Even though these results must be cautiously weighed, the PRs found may indicate that, in the case of SMHP, the most important aspect is for students to participate as many times as they can in the activities planned and with as much commitment as possible, regardless of the intervention model used. In this regard, it would be interesting to test the hypothesis that change takes place to a large extent due to personal factors such as involvement or attitudes towards the intervention activities, that is, depending on how strongly the participants believe that what they are doing can help them (Low et al. 2014a, b). These results highlight the importance of fostering students’ commitment to and enthusiasm for participating in school-based mental health interventions. This can be achieved through change readiness strategies and school-based mental health literacy (Macklem 2014).

When examining PRs in light of the characterization variables of the interventions, stronger links between IF and outcomes were found in universal top-down skills teaching programs for primary education students. This can be partly explained because school-wide readiness for the implementation of SMHP can create a suitable environment for commitment in all the parties involved, especially students.
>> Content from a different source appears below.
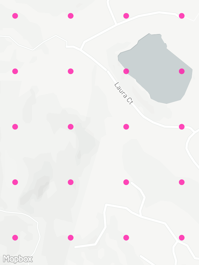 Here's the development of the grid in an area with some forest and a lake. There's a hikers-only trail in the bottom-left that OSRM correctly avoids snapping to, with the rest of the roads and tracks evenly covered by points.

Another relevant result is that more than half of the studies examined measure IF monthly or less frequently. Even though this appears to be a good decision because it makes it possible to describe the variation in IF throughout the intervention, the data collected in this review show that when researchers measure IF only once a year, more instances of significant association with outcomes are observed. This seems to suggest that an overall assessment of the implementation process is better than a detailed one.

The limitations of this study concern three aspects that should be considered in future research. First, given the recent attention paid to IF in applied research, several different outcomes and interventions were included. However, even though this approach provides for generalization, it restricts the depth of analyses. Future reviews should focus on a single type of intervention and its related outcome to eliminate possible biases introduced by broad categories such as those included in this review. A second limitation was introduced by the requirement of research rigor, represented by publication in peer-reviewed journals. Although this choice provided for collecting high-quality scientific information, it produced a major by omitting evidence from other sources. Interventions are carried out in many schools, but their results are not always reported in academic outlets and are instead filed away in the gray literature of foundations or government agencies. Therefore, it is necessary to explore these documents to shed more light on the associations examined in this study, especially in underdeveloped or developing countries.
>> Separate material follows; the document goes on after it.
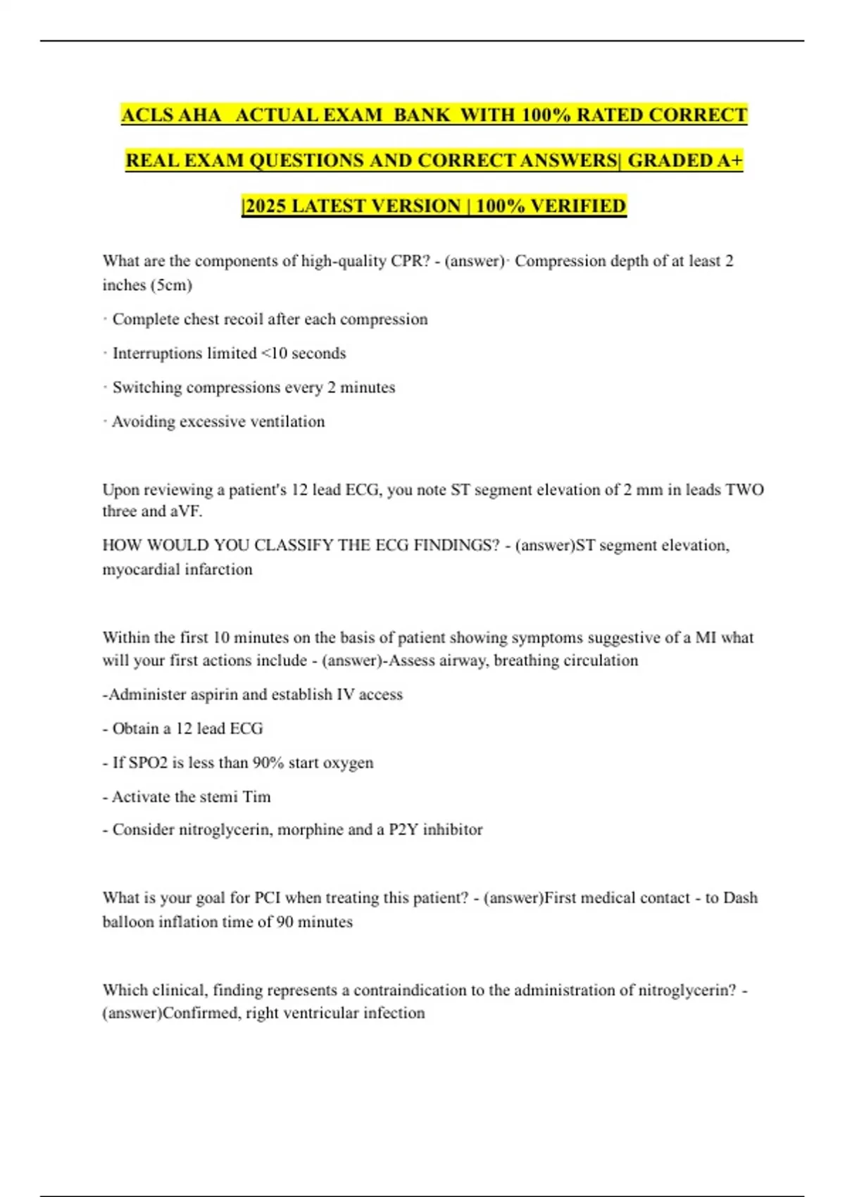 PACKAGE DEAL FOR ACLS AHA ACTUAL EXAM BANK WITH 100% RATED CORRECT REAL EXAMS QUESTIONS AND CORRECT ANSWERS| GRADED A |2025 LATEST VERSION | 100% VERIFIED| 2 VERSIONS

The third limitation was the use of PRs for estimating the connection between IF and outcomes. This review set out to question indirect estimations of the importance of IF on outcomes. However, given the characteristics and designs of the primary studies analyzed, it was unable to make progress towards estimating IF effect size. In this regard, the PR is still an indirect estimation, but has the advantage of addressing direct associations between IF and outcomes, unlike previous reviews that had to create a posteriori implementation indicators. In this context, it is necessary to issue clear guidelines for researchers interested in assessing IF and to reach a consensus regarding the operational definitions of its multiple components.